The first three of Morgan's albums were composed of only his own drumming and singing. His 2009 debut album To The Breathing World and the 2011 LP In The Yard were self-releases distributed by Drag City. His third LP, the self-titled spoken album Neal Morgan, was released by Portland Oregon label Party Damage in 2014. On May 5, 2017 Morgan released his fourth full-length album, Sketchbook March 2015 - March 2016 digitally, with a cassette release by Portland label Beacon Sound.

The 24-song 85-minute PAW, his fifth album, was released March 14, 2025 with a limited edition cassette and digital streaming on all platforms. It was the artist's first collection of pop songs and the first of his albums to feature collaborators (see: PAW lyrics & credits). In a March 12, 2025 review, Portland's Willamette Week called the album "One of the more intriguing collections of music to come out of Portland in recent memory" and noted that “In terms of its ambition, PAW brings to mind Cindy Lee’s Diamond Jubilee”. The album was covered and/or playlisted upon its release by Brooklyn Vegan, Stereogum, NPR Music, Talkhouse, AU Review, among other music review outlets.

Morgan began drumming for Joanna Newsom in 2006 for the touring cycle in support of her second album Ys. In a 2007 interview, Newsom said of Morgan "I am in awe of him...he elevates literally every musical project he touches." He arranged drums and percussion for the live performance of that material as well as arranging for songs from her debut release, The Milk-Eyed Mender. Morgan contributed singing as well as performing his drum and percussion arrangements on Newsom's 2007 EP Joanna Newsom and the Ys Street Band. Morgan arranged and performed the drums and percussion on Newsom's third record, the triple album Have One On Me, released in 2010, and accompanied Newsom in live performance for the tour cycle for that record, often opening shows with solo sets of drumming and singing.

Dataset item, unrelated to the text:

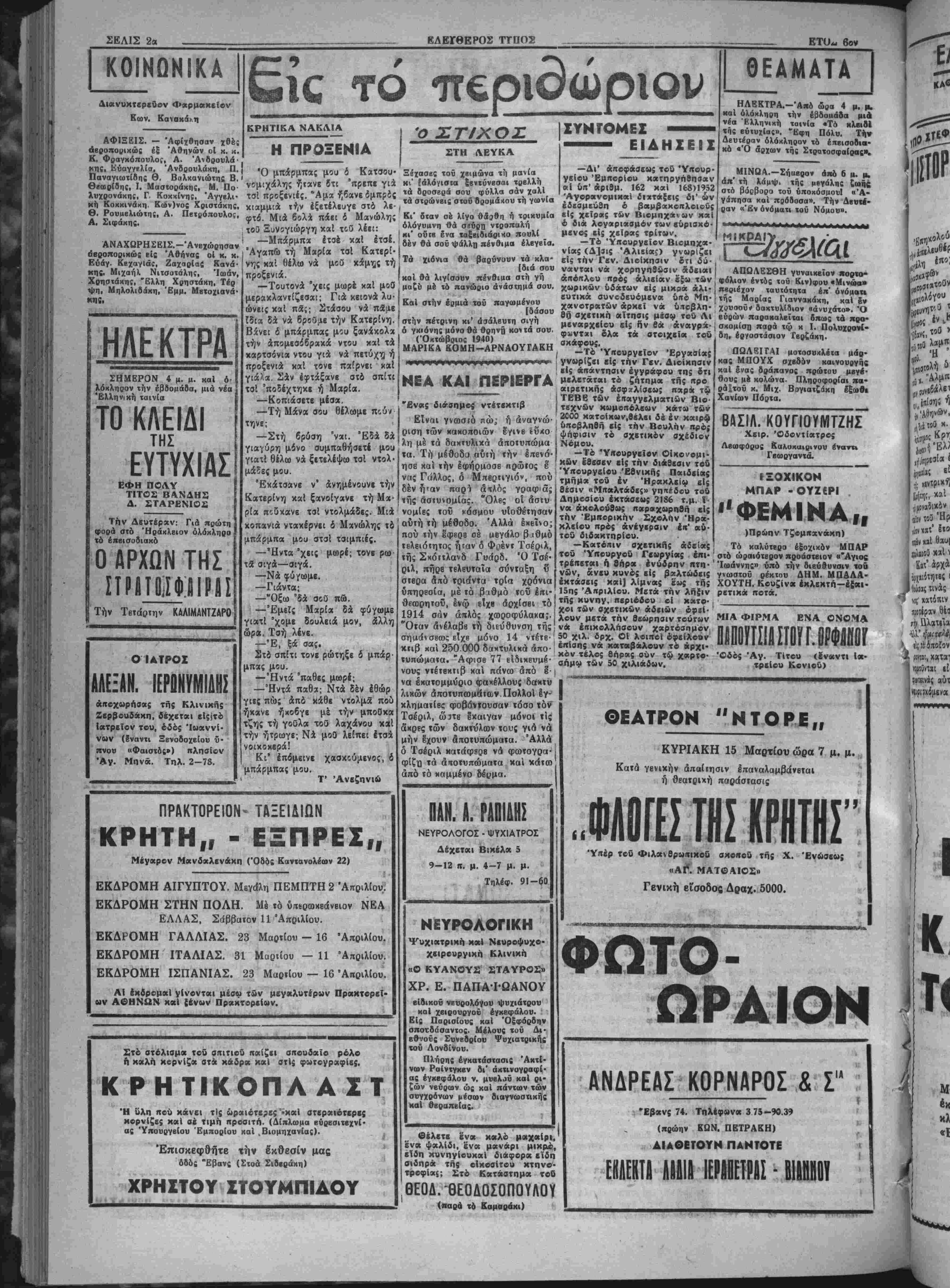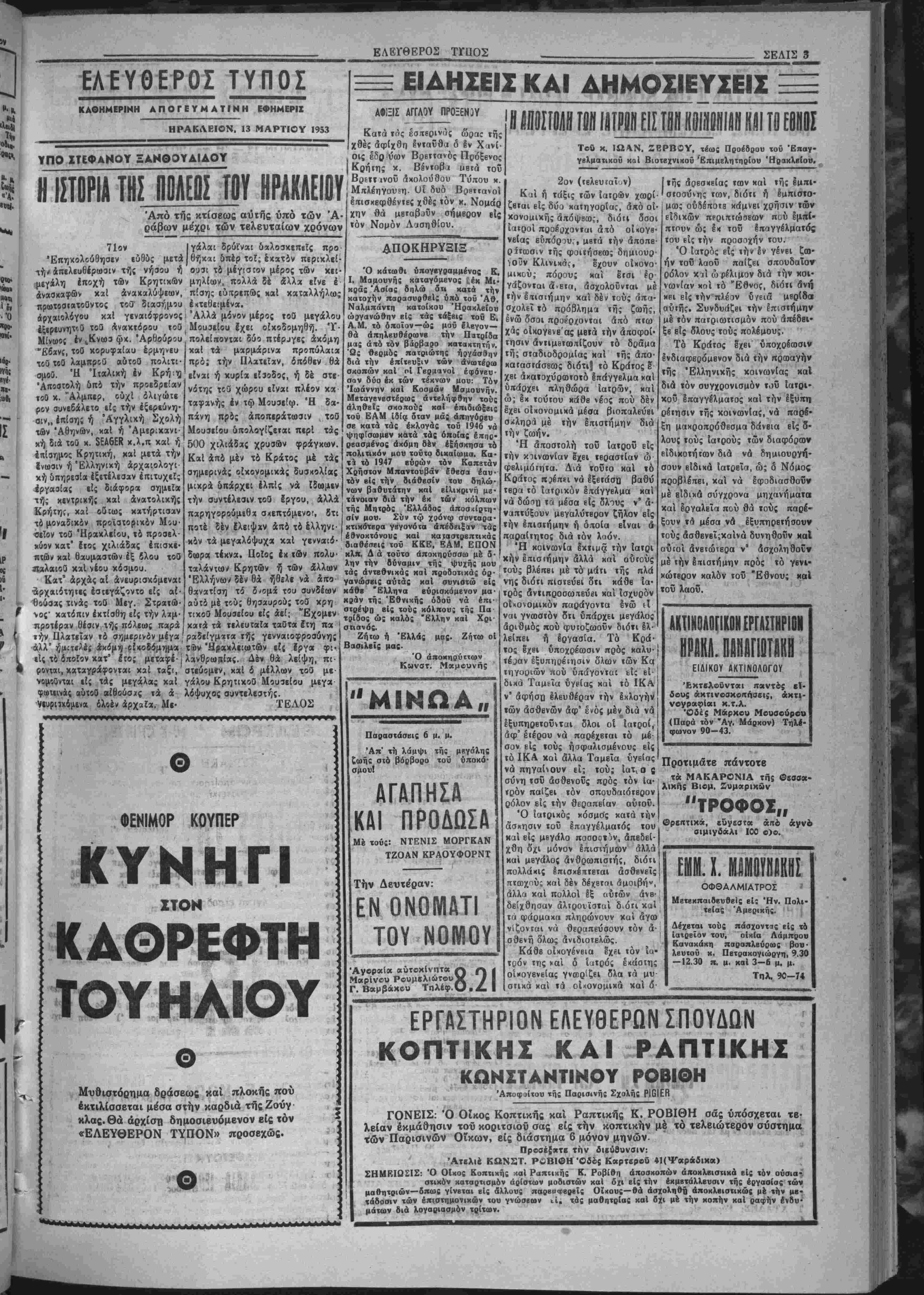 λήλως.θά Ινβργηθυ διά των άνα< διοργανουμένοον Γραφβίοαν Εύρε σεως Εργασίας καί άπογραφή τής άνβργίας, ούτως ώστβ Ιπί τή βάσει άκριβών στοιχβίων τό υ¬ πουργείον Εργασίας να ηροβη είς την Ινδεδβιγμένην οργάνωσιν τής άπασχολήσεως τοΰ Ιργατικοΰ δυναμικοϋ τής χώρας. ΟΙ ΧΑΙΡΕΤΙΣΜΟΙ — Σημϊρον ό Σββ. Μητροπο· λίτης Κρήιης κ. Εύγένιος θά αναγνώση, ιήν.Δ' στάσιν των Χαιρβτισμδν τής θβοτόκου Ιν τφ ΙΈρφ Ναώ τής Άγίας Τριά- δος κατά την πρώτην ακολουθίαν 5 μ.μ. —Οί χαιρβΐισμοΐ τής Θβοτό· κου είς τόν ίβρόν Ναόν τοϋ Ά- γίου ΔημητρΙου θά άναγνωσθώ- σι υπό τοΰ Πανασιολ. Άρχιμαν- δρίτου τής Ίβρά; Μητροηόλεω; κ. ΔημητρΙου δστις θά χηρύξχι χαί τόν θβϊον λόγον. ΟΙΝΟΠΝΕΥΜΑΤΟΠΟΙΗΣΙΙ ΤΩΝ ΧΑΡΟΥΠΙΩΝ Ελάβομεν χθές τό κατωτίρωί τηλεγράφημα τοθ τέως δπουργοθ καί βουλευτοθ Λασηθίου χ. Έ. Κοθρή σχετικώς μέ την οίνο- πνευματοποίησιν των χβρουπίων: Εφημερίδα «'Ελεύθιροί Τύιχο(» "Ηράκλειον «Σημιρινή σύσκιψις μετά ί»· πουργοθ Έμπορίου διετύπωσα- μέν αίτήματα διατηρηθή ίαχύου- σα τιμή οίνοπνιυματοποιήοιιος χαρουπίων. Οίνοπνευματοποιη^ ποσότης 8 χιλιάδων τόννων ά«4 έργοστάσια 'ϋλλάδος. "Αρχίσΐϊ οίνοπνευματοποίησις 15 Μαρτί¬ ου. Ματαιωθη" απόφασις άναθί- σιως έμποροσυγκεντρώσεως χα- ρουπίων είς ΑΣΣΟ. 'Υηουργδς ϊκρινε αίτήματα λογικά δπεσχέ· θη φροντίση αποδοχήν παρά χυ· βερνήσεως. "Υπεσχέθη ένίσχυοι» πιστοδοτήσεως έπαρχιακοθ Ιμπο· ρίου παρά Τραπεζών. ΚθβΡΗΣ». ΤΟ ΒΑΛΚΑΝΙΚΟΝ ΘΑ ΥΠΟΒΛΗΘΗ ΠΡΟΣ ΚΥΡΟΣΙΝ ΑΘΗΝΑΙ 13.—Ό ύπουργός των "Εξωτερικών κ. Στεφανό- πουλος ήρχισε την σύνταξιν τής είσηγητικής εκθέσεως έηί τοΰ νομοσχβδίου πβρί χυρώσεως τρι- μβροϋς συνθήκης μβταξύ Ελλά¬ δος, Τουρκίας καί Νοτιοσλαβίας^ Τό νομοσχέδιον θά ΰποβληθχί την προσέχη έβδομάδα είς ιήν- Βουλήν.

He arranged and performed drums and percussion for the songs Sapokanikan, Goose Eggs, and Waltz of the 101st Lightborne from Newsom's 2015 LP Divers.

Morgan began drumming for Bill Callahan in 2009 at the tail end of Callahan's touring for his second self-titled album Sometimes I Wish We Were An Eagle. Morgan and Callahan performed as a duo for a tour of the Southern United States in late 2009 and a second tour of Spain, France and Portugal in 2010. Morgan arranged drums and percussion on Callahan's third self-titled record, Apocalypse, released in 2011, and along with guitarist Matt Kinsey accompanied Callahan for the tour cycle in support of that album. He was featured in the 2012 Hanly Banks documentary Apocalypse, which followed a 2011 Bill Callahan tour in the United States.

Morgan's second LP, In The Yard, featured Philip Guston's painting Evidence, 1970 on the cover. Morgan has lectured on the painter Philip Guston since 2012. He gave four lectures on the west coast of the United States on the occasion of Guston's 100th birthday in June, 2013.

Morgan arranged and performed drums and percussion with Robin Pecknold and Morgan Henderson on the soundtrack for the documentary Birth Story: Ina May Gaskin & The Farm Wives in 2012.

He arranged and performed and was the recording engineer for drums and percussion for Roy Harper's Man Or Myth, a September 23, 2013 release on Bella Union.

On October 22, 2013, Morgan performed the song Corduroy from Pearl Jam's album Vitalogy with Robin Pecknold and Daniel Rossen on Late Night With Jimmy Fallon, as a part of that show's "Pearl Jam Week".

Morgan arranged and performed drums and percussion for composer Brocker Way's score of The Battered Bastards of Baseball, a Netflix Original Documentary released July 11, 2014.

Along with Robin Pecknold and Morgan Henderson, he arranged and performed drums for the score of A Nice Day For A Walk To The End, a film by Sean Pecknold and Matt Daniels, released July 2014.

Morgan and Robin Pecknold scored the Off-Broadway play Wyoming, which was written by Brian Watkins and directed by Danya Taymor. The play was presented at NYC's Theater For The New City from January 15–31, 2015.

On May 18, 2016, while answering fan questions on his Instagram account, Pecknold announced that his band Fleet Foxes was working on new material with Morgan as the drummer.

In late 2017/early 2018, Morgan arranged and performed drums and percussion for composer Brocker Way's score of the 2018 Netflix documentary series Wild, Wild Country.

Morgan lives in Portland, OR and was born and raised in Nevada City, CA.